▸ What the task asks
Repeat the records. Leave nothing out.
START Records shown
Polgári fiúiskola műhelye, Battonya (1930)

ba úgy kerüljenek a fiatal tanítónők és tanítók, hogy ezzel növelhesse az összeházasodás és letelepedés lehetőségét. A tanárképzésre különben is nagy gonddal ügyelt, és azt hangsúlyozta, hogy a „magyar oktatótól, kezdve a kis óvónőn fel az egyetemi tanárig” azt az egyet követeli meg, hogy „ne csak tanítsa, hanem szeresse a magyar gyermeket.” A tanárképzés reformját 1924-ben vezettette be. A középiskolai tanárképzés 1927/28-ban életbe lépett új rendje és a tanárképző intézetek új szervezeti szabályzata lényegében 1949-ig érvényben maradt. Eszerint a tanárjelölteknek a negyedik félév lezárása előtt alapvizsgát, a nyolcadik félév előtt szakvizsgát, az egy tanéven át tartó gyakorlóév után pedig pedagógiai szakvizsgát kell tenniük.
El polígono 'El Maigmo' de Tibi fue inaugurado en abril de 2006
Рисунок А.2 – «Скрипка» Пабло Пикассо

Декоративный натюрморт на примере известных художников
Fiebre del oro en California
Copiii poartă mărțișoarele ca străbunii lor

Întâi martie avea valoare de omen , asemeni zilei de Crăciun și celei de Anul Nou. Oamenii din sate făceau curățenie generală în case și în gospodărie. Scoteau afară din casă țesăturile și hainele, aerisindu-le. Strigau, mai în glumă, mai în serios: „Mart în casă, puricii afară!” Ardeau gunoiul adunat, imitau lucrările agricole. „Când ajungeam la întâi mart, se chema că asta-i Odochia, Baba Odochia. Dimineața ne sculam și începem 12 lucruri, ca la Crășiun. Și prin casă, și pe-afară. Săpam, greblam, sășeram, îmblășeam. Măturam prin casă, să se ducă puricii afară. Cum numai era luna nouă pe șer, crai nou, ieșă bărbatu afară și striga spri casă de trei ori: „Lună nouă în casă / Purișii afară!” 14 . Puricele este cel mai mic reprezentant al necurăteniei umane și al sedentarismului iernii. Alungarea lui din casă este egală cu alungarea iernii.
END Records shown
▸ Expected answer
Polgári fiúiskola műhelye, Battonya (1930)

ba úgy kerüljenek a fiatal tanítónők és tanítók, hogy ezzel növelhesse az összeházasodás és letelepedés lehetőségét. A tanárképzésre különben is nagy gonddal ügyelt, és azt hangsúlyozta, hogy a „magyar oktatótól, kezdve a kis óvónőn fel az egyetemi tanárig” azt az egyet követeli meg, hogy „ne csak tanítsa, hanem szeresse a magyar gyermeket.” A tanárképzés reformját 1924-ben vezettette be. A középiskolai tanárképzés 1927/28-ban életbe lépett új rendje és a tanárképző intézetek új szervezeti szabályzata lényegében 1949-ig érvényben maradt. Eszerint a tanárjelölteknek a negyedik félév lezárása előtt alapvizsgát, a nyolcadik félév előtt szakvizsgát, az egy tanéven át tartó gyakorlóév után pedig pedagógiai szakvizsgát kell tenniük.
El polígono 'El Maigmo' de Tibi fue inaugurado en abril de 2006
Рисунок А.2 – «Скрипка» Пабло Пикассо

Декоративный натюрморт на примере известных художников
Fiebre del oro en California
Copiii poartă mărțișoarele ca străbunii lor

Întâi martie avea valoare de omen , asemeni zilei de Crăciun și celei de Anul Nou. Oamenii din sate făceau curățenie generală în case și în gospodărie. Scoteau afară din casă țesăturile și hainele, aerisindu-le. Strigau, mai în glumă, mai în serios: „Mart în casă, puricii afară!” Ardeau gunoiul adunat, imitau lucrările agricole. „Când ajungeam la întâi mart, se chema că asta-i Odochia, Baba Odochia. Dimineața ne sculam și începem 12 lucruri, ca la Crășiun. Și prin casă, și pe-afară. Săpam, greblam, sășeram, îmblășeam. Măturam prin casă, să se ducă puricii afară. Cum numai era luna nouă pe șer, crai nou, ieșă bărbatu afară și striga spri casă de trei ori: „Lună nouă în casă / Purișii afară!” 14 . Puricele este cel mai mic reprezentant al necurăteniei umane și al sedentarismului iernii. Alungarea lui din casă este egală cu alungarea iernii.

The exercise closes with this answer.